What is Legal Outsourcing?
Outsourcing involves distributing work traditionally handled within a company or law firm to an outside contractor for performance. While outsourcing of legal work within the U.S. has been practiced by companies and law firms for longer than a century, the recent trend in legal outsourcing comprehends sending work historically performed by law firms in the U.S. to other countries such as India.
To some, the term outsourcing conjures images of concern or fear. In reality, outsourcing in a legal sense amounts to nothing more than delegation of carefully selected tasks and assignment to qualified professional members of the law firm’s staff or team for completion. “Outsourcing” of legal work by senior partners to junior associates down the hall, temporary attorneys, “of counsel,” or even summer law clerks (students), is a practice as old as the legal profession itself.
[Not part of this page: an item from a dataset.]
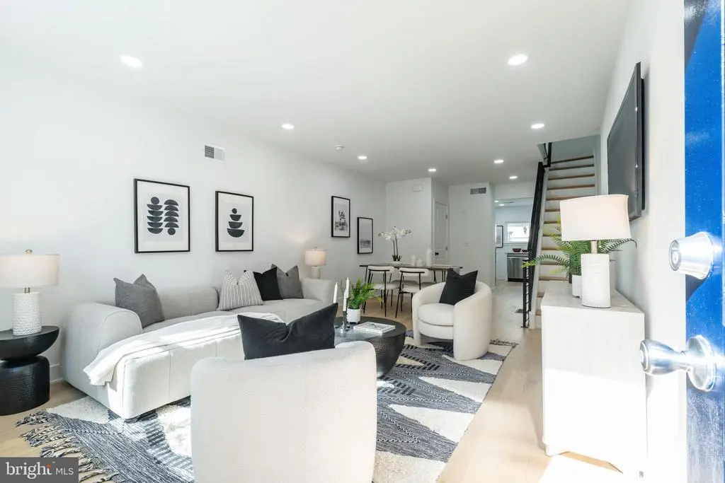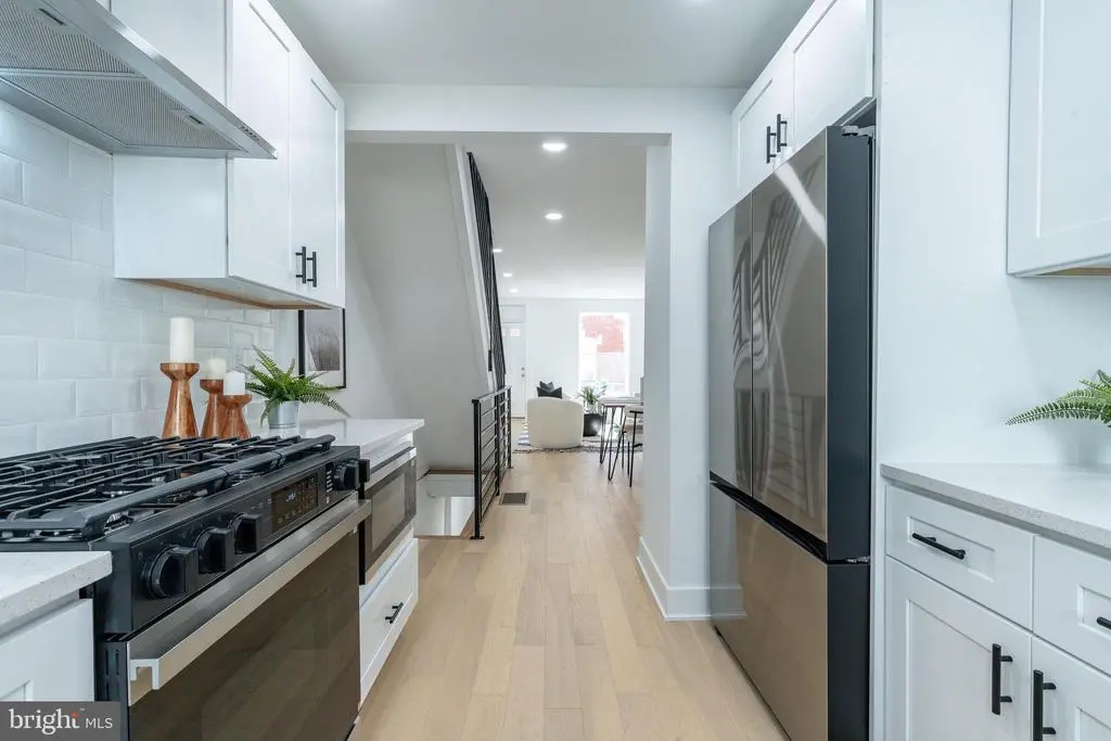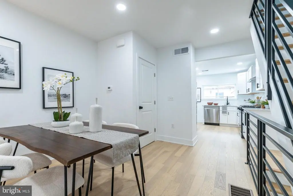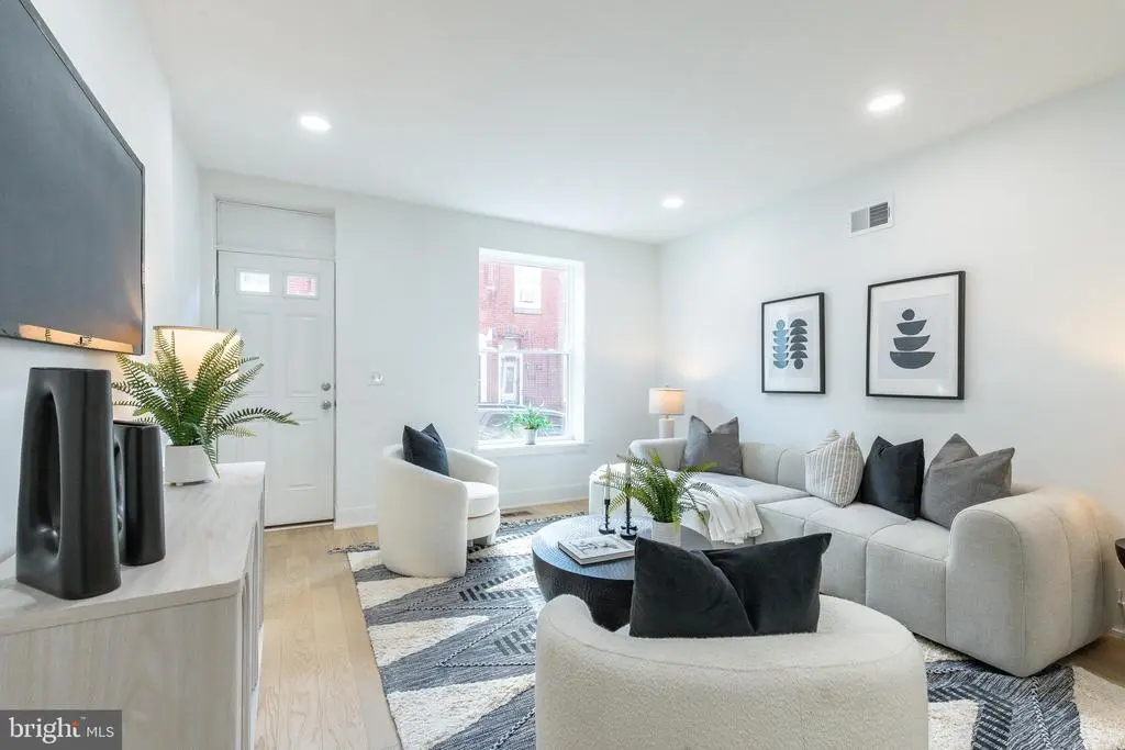 Step inside this beautifully reimagined South Philly rowhome — a classic brick exterior that hides a sleek, fully renovated interior designed for modern living. This home comes with a full 10-YEAR TAX ABATEMENT, offering incredible long-term savings and unbeatable value. Every detail has been thoughtfully redone, blending timeless craftsmanship with contemporary style. The open-concept main level flows effortlessly from the bright living room to the dining area and into a beautifully designed kitchen showcasing white shaker cabinets, quartz countertops, stainless steel appliances, and sleek black hardware for a clean, modern look. Light hardwood floors, recessed lighting, and a convenient first-floor powder room come together to create a warm, cohesive, and functional space perfect for everyday life. Upstairs, you’ll find two spacious bedrooms and two beautifully appointed full baths — including a private en-suite in the primary bedroom with elegant finishes and a spa-inspired atmosphere. The fully finished basement adds even more flexibility — ideal for a home gym, office, play room or cozy media space. Heading out to the backyard, enjoy your private outdoor space with new concrete hardscaping and a sleek privacy fence — perfect for entertaining. Reach out now to schedule a private tour!

Twenty-first century outsourcing, increasingly demanded by clients for cost savings, involves delegation, under supervision, of certain taskoriented “chore” work to lawyers across the globe. Forrester Research has forecast that the offshore market for legal services, at $80 million annually as of the end of 2006, will amount to $4 billion annually by 2015. Offshore legal outsourcing reflects a fundamental change in the legal profession and the delivery of service to law firm clients. While the legal profession historically has been slow to embrace new ideas, change often envelopes the profession. Earlier generations of lawyers resisted the typewriter and later the dictating machine in favor of shorthand, the computer in favor of the typewriter, TV and print legal advertising in favor of the country club. Resisting change does not fend it off. Rather, those who understand and manage the inevitability of changing trends impacting the legal profession are better able to maintain a competitive edge, increase profitability, and protect equity.